Decided On September 20, 1938
NATHUNI SAO Appellant
V/S
MTLACHHMINIA Respondents

JUDGEMENT

(1.) This appeal arises out of a suit under Order 21, Rule 63, Civil P.C. The difficulty which has arisen in this case would have been obviated had the learned Judge kept in mind the proposition which has been reiterated so many times, namely that the doctrine of the onus of proof is merely academic where both parties give evidence. Had the learned Judge taken the evidence in this case and then come to the conclusion one way or the other, no difficulty, as I have already said, would have arisen. To develop the point I have stated,, if the plaintiff and the defendant gave evidence and the defendant's evidence was not to be believed in any circumstances and the onus was upon the defendant, necessarily the plaintiff must succeed. Similarly, if the onus was on the plaintiff and the plaintiff failed to satisfy the Court, the plaintiff must fail. But where there is evidence on; both sides, as appears to have been the case in the present action, and the evidence of j neither side is not inherently improbable, the question of onus does not arise at all and the Judge has to determine the issue between the parties on the evidence before him. Difficulty has arisen in this case by the Judge having stated that the onus was on the plaintiff. In Nawab Mirza Ali Kadar Badadur V/s. Inder Parshad (1896) 23 Cal. 950 their Lordships of the Judicial Committee of the Privy Council have pointed out that the onus of proving that the transaction recited in the endorsement on the bond which was witnessed by the Registrar was untrue was on the party who denied the truth of the statement contained in that endorsement.

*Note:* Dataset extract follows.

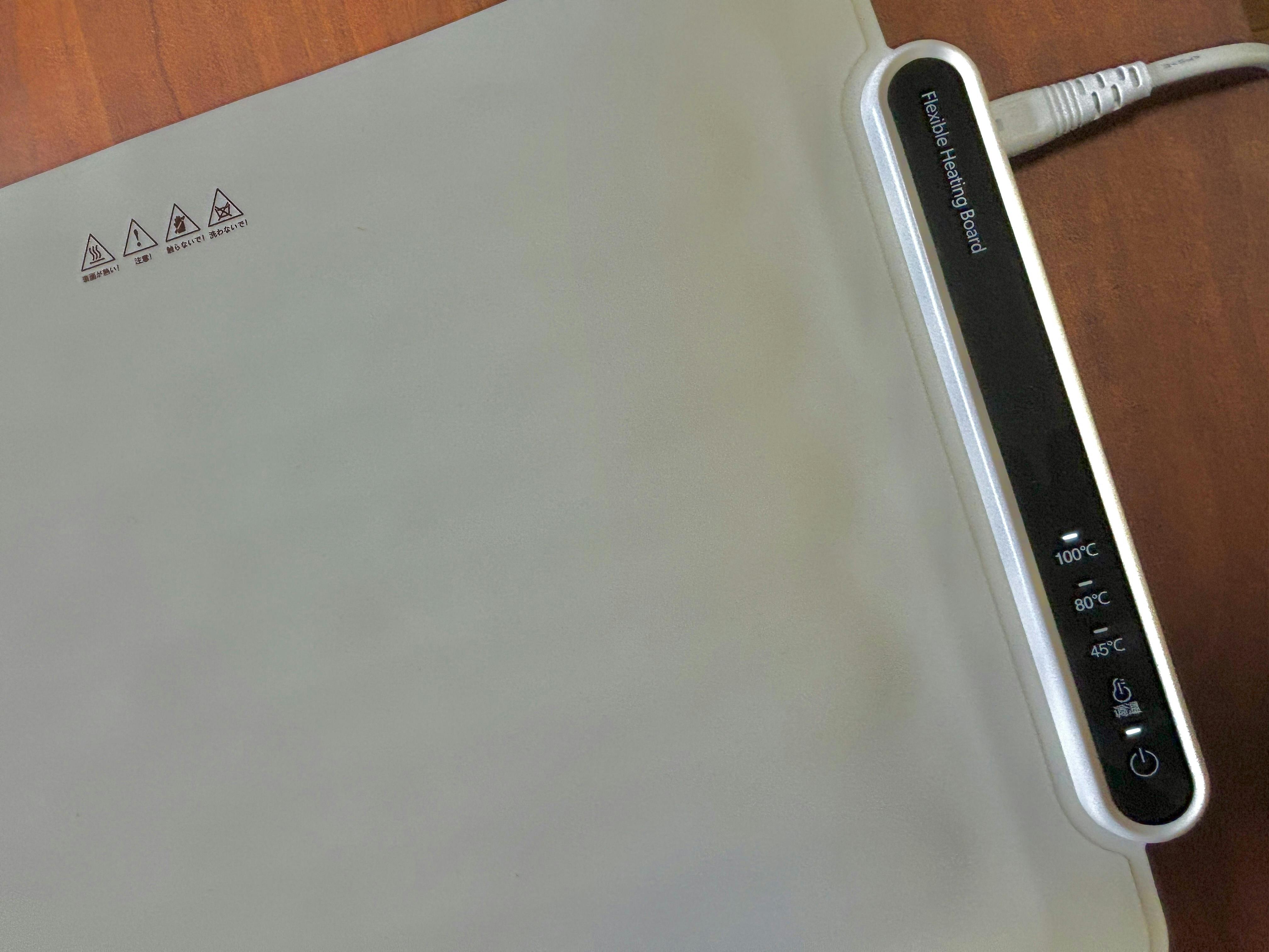 【電熱ランチョンとろ火マットミニ】は、45℃、80℃、100℃と3段階の温度設定が可能です。

(2.) Now, the relevance of that statement lies in the fact that the Judge in the Court; below decided against the genuineness of the document because it was not proved that consideration had passed. It is true that the learned Judge proceeded also to decide whether the plaintiff was in possession, but possession did not necessarily determine the matter. Had the Judge decided that it was a genuine document and for consideration, the question whether the plaintiff was in possession or not would not have affected the decision as to his title. Many persons are not in possession of properties and yet they have a very good title to them. In great many cases, possession may be an indication as to the truth of the allegation of the plaintiff that he has a title. It is quite clear that the real point in. the case is whether the plaintiff has title, that point depending, as I have already said, on the finding of the Judge in the Court, below whether the money was paid or not. Prima facie on the decision of the Privy Council the fact that there was an endorsement on the bond to the effect that Rs. 79 had been paid to Haridas presumably on behalf of the vendor threw the onus on the defendant to show that the money had not been paid--neither Rs. 79 nor any other I money. It is perhaps more accurate to say 1 that once it is shown that consideration or a portion of it has passed, the onus is on the defendant to prove that it has not.

(3.) Reliance in such cases is always placed upon the decision of the Privy Council in Mohammad Ali Mohammad Khan V/s. Mt. Bismillah Begam where their Lordships are supposed to have laid down the proposition that the onus was on the party bringing a suit under Order 21, Rule 63. All that Lord Dunedin pointed out in delivering the judgment of the Privy Council was this that, as the Begam based her claim to the property as being wakf property upon the deed of gift made to her in consideration of her dower some years before and as that transaction had been held both in the Courts in India and before the Judicial Committee to be a fraudulent transaction (the mention of wakf had to be looked upon with great suspicion, and the onus in those circumstances was on the claimant to establish it. The judgment in Mahadeo Missir V/s. Ram Prasad A.I.R (1929) Pat. 579 to "which I was a party, makes reference to a decision reported in Vol. 5 of the Rangoon Reports--another decision of their Lordships of the Privy Council--and Kulwant Sahay J. made this observation while delivering the judgment of the Court: Therefore the circumstances upon which their Lordships of the High Court of Rangoon placed the onus upon the defendant were set out in the judgment, namely the fact that the plaintiff had proved the passing of the consideration. When the matter went before their Lordships of the Judicial Committee they observed as follows: Now they (meaning the plaintiffs) being the ostensible owners of the property under a duly registered deed and a deed of transfer, obviously the party claiming to attach that property for sombody else's debt, not their debt, but the debt of the original debtor, must show that the sale was a fraudulent one.